Augmentation substantielle de 25% de nombreux timbres fiscaux, du prix de certaines démarches administratives et au niveau des…

Tunisie : une loi des finances "comme il n’y en a jamais eu"

Austérité et "Avidité fiscale"

Augmentation substantielle de 25% de nombreux timbres fiscaux, du prix de certaines démarches administratives et au niveau des consommations, augmentation de redevances, augmentation de 12 à 19% de la  TVA, l’opinion s’inquiète pour ses revenus.

Le dessin en dit long sur comment nombre de Tunisiens perçoivent aujourd’hui la loi des finances 2018. La caricature, publiée, le 26 septembre 2017, par notre confrère, le quotidien arabophone "Le Maghreb",  représente une Tunisie qu’étrangle une grande ceinture : austérité et " avidité fiscale " _l’expression est d’un commentateur de télévision_ sont au programme d’un texte qui veut résorber un déficit budgétaire qui a atteint des proportions inimaginables : 6%.

Certes, rien n’est encore joué, car le texte, encore en discussion notamment avec les syndicats ouvriers et patronaux et d’autres partenaires sociaux, ne sera pas voté avant la mi-octobre 2017.

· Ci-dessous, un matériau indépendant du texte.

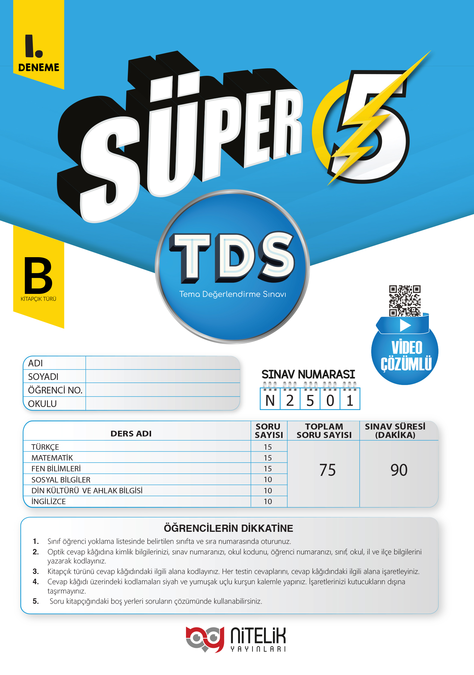 Süper 5. Sınıf KDS Deneme 1-A Kitapçığı
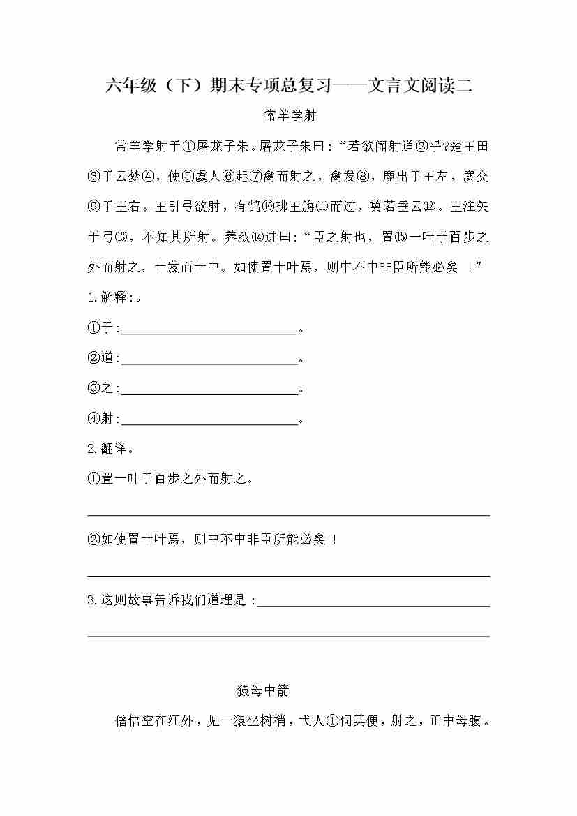 六下语文【文言文阅读专项训练】
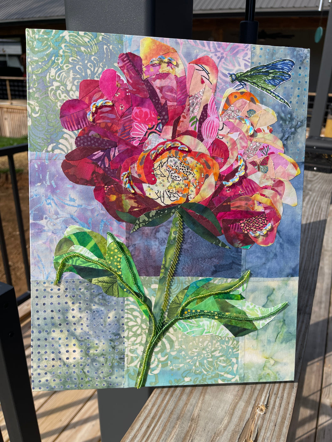 Where Light Lands is a textile mixed media artwork that reflects presence, movement, and the quiet beauty of fleeting moments. A richly layered bloom opens outward in vibrant color, its petals formed from fabric, stitching, and hand-applied embellishment that create depth and rhythm across the surface.
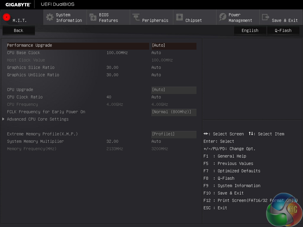 Entry point for Gigabyte's Z170 UEFI is the M.I.T page. This is the point where the main system operating functions, such as voltages, clock speeds, and fan controls, can be accessed.
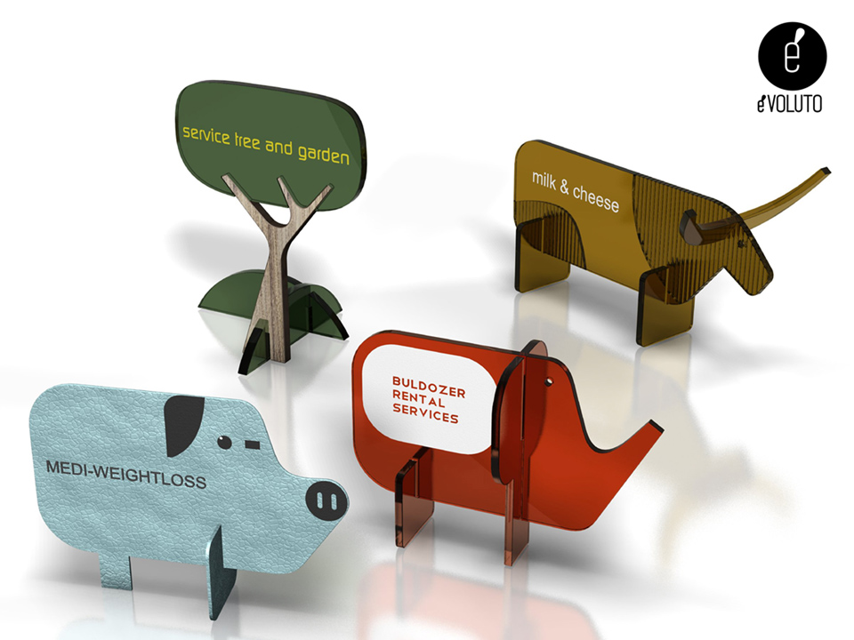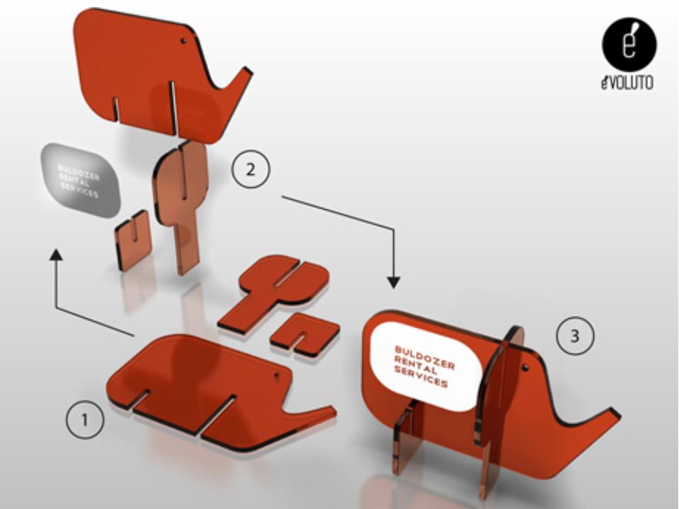 easy to assembly. To make it standing. A small text can be added by engraving the material or with an adesive patch. The result is sort of small vertical display or personal card o whatever else that could be attractive and have a text.

Mais, il suscite déjà des réactions dont certaines sont nerveuses et peut-être déplacées : un expert-comptable a parlé même d’une "explosion sociale" que la loi des finances 2018 ne manquera pas de provoquer. Certains parlent d’une loi des finances "comme il n’y en a jamais eu".

Le patronat s’inquiète également

Augmentation substantielle de 25% de nombreux timbres fiscaux comme celui utilisé pour la sortie du territoire, de celui de l’obtention d’un passeport, du prix de  certaines démarches administratives et au niveau des consommations, augmentation de redevances comme la redevance automobile, augmentation des taxes sur le tabac et les alcools, des taxes sur les activités de tourisme, les voitures et la santé, augmentation de 12 à 19% de la TVA, l’opinion s’inquiète pour ses revenus.

Mais, il n’y a pas qu’elle : il y a les syndicats ouvriers. Dont l’Union Générale Tunisienne du Travail (UGTT) qui a déjà  averti que les salariés ne devront pas être les seuls à payer le lourd fardeau fiscal.

Le patronat a, pour sa part, des inquiétudes pour les baisses que pourraient provoquer  l’augmentation de la TVA surtout au niveau de la consommation et par conséquent au stade de la production. Et qui peut provoquer plus de pertes d’emplois. Et ce, dans un pays qui souffre d’un taux de chômage de 15%.

Les débats ne seront pas de tout repos pour le nouveau ministre des finances

L’Union Tunisienne de l’Industrie du Commerce et de l’Artisanat (UTICA), qui prépare son Congrès, avec les élections des chambres sectorielles, est déterminée à tenir tête au gouvernement. Un gouvernement qui passe, comme l’a souligné, la 27 septembre 2017, notre confrère, le quotidien de langue française "La Presse", une partie de son temps aujourd’hui à "démentir", à  "relativiser",  à "expliquer" et à "dédramatiser" ce qui se dit et s’écrit (dans une partie des rumeurs) sur la loi des finances 2018.

Les débats ne seront pas de tout repos pour le nouveau ministre des finances, Ridha Chelghoum –il a été nommé le 12 septembre 2017- à l’Assemblée des Représentants du peuple (ARP), le parlement tunisien. Car, au sein du Gouvernement d’Union Nationale (GUN), dont il fait partie, le gouvernement Youssef Chahed 2, certains ministres représentants des partis de la mouvance de gauche et assimilée seraient, peut-être, tentés d’exprimer une autre voix que celle de l’austérité.

Certes, entendons-nous, ici et là, les caisses de l’État sont vides et les caisses sociales n’en peuvent plus avec des déficits qui s’accumulent, mais l’État a-t-il joué pleinement son rôle pour entamer des réformes de fond comme l’élargissement de l’assiette fiscale ? Ou pour traquer tous ceux qui ne payent pas d’impôts ou fraudent. Et que par conséquent, le gouvernement ne fait, aux yeux de certains, que recourir, d’années en années, à des "solutions de facilités".